Leaving out every picture, copy the lines of the material below exactly, from the line containing "二是10月中旬到11月中旬,大成基金、华" through the line containing "在掌握了技能释放技巧之后,我".

▸ Records shown
┌────────
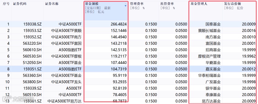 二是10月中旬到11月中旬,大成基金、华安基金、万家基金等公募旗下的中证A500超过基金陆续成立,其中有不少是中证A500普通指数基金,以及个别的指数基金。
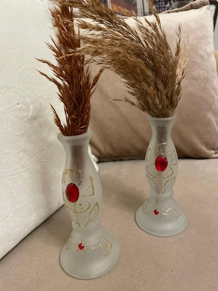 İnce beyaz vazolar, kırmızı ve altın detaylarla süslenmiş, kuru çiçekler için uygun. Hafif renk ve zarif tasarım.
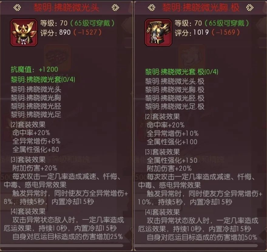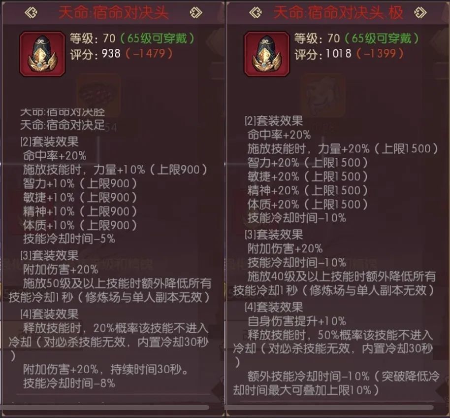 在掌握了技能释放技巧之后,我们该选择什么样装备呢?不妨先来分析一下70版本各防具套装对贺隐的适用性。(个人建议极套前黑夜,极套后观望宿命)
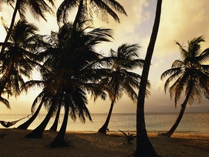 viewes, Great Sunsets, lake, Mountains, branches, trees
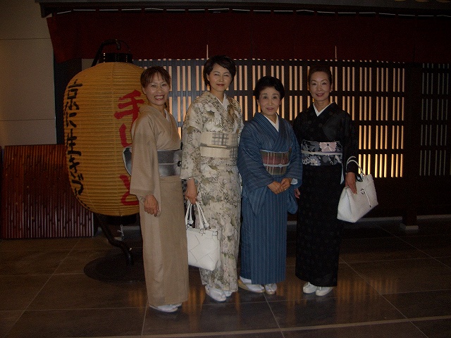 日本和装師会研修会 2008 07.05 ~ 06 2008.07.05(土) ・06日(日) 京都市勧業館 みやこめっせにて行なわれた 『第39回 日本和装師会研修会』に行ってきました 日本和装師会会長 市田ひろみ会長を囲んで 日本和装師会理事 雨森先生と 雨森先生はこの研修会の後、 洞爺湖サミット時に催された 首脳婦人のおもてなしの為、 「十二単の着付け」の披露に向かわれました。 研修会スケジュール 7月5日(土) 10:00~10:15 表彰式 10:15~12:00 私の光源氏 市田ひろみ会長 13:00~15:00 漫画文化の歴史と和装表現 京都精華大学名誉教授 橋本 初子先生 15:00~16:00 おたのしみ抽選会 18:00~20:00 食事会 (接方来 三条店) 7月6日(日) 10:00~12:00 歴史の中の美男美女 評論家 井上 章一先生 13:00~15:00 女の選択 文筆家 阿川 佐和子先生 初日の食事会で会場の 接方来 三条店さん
└────────
┌────────
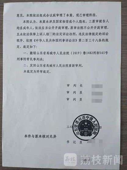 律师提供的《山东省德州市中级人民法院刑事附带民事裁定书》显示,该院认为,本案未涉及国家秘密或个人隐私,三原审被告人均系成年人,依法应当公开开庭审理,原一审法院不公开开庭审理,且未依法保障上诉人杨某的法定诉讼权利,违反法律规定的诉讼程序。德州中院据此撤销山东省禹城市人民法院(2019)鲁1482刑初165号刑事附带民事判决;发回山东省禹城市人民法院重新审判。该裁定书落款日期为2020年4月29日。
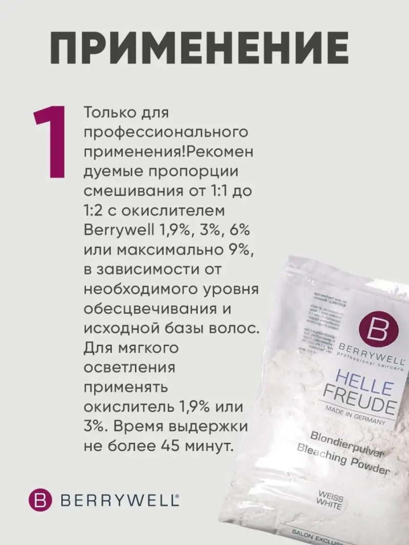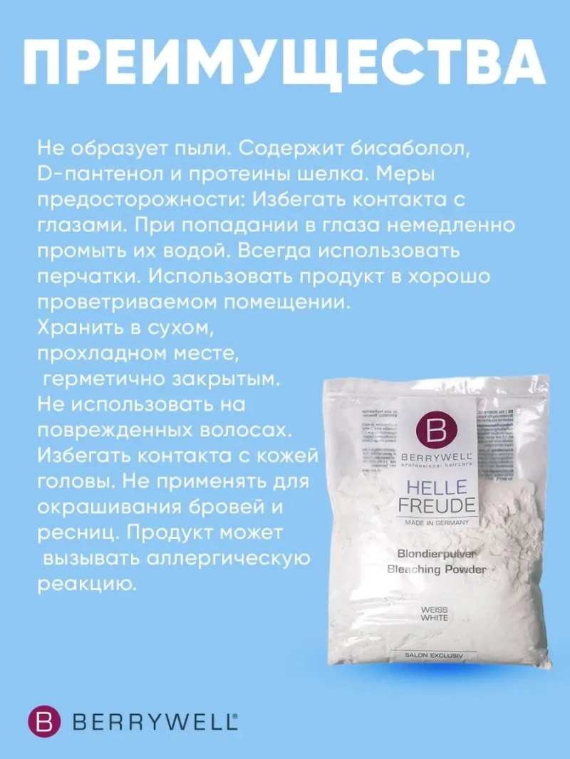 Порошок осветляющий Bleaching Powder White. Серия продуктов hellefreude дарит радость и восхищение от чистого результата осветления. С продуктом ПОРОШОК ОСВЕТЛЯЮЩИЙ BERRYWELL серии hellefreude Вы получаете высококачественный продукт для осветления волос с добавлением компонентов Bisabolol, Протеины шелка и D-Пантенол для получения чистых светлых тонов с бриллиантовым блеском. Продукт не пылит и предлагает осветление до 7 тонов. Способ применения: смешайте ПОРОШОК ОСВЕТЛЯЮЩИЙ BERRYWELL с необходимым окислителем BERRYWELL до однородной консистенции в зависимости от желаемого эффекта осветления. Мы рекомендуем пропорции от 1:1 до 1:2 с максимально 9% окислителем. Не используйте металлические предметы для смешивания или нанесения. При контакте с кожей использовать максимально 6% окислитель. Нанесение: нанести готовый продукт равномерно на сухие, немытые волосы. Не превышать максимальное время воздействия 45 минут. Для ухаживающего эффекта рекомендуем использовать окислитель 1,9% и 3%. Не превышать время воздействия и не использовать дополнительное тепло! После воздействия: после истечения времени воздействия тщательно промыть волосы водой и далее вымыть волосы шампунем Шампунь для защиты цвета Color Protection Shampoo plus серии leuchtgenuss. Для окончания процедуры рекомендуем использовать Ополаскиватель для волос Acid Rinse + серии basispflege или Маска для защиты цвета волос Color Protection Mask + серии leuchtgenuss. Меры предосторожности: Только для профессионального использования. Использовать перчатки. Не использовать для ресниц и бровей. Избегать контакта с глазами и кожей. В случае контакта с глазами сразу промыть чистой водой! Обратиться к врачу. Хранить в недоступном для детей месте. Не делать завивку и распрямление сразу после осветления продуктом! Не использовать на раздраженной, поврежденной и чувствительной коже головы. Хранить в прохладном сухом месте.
└────────
▸ Task answer
 二是10月中旬到11月中旬,大成基金、华安基金、万家基金等公募旗下的中证A500超过基金陆续成立,其中有不少是中证A500普通指数基金,以及个别的指数基金。
 İnce beyaz vazolar, kırmızı ve altın detaylarla süslenmiş, kuru çiçekler için uygun. Hafif renk ve zarif tasarım.
 在掌握了技能释放技巧之后,我们该选择什么样装备呢?不妨先来分析一下70版本各防具套装对贺隐的适用性。(个人建议极套前黑夜,极套后观望宿命)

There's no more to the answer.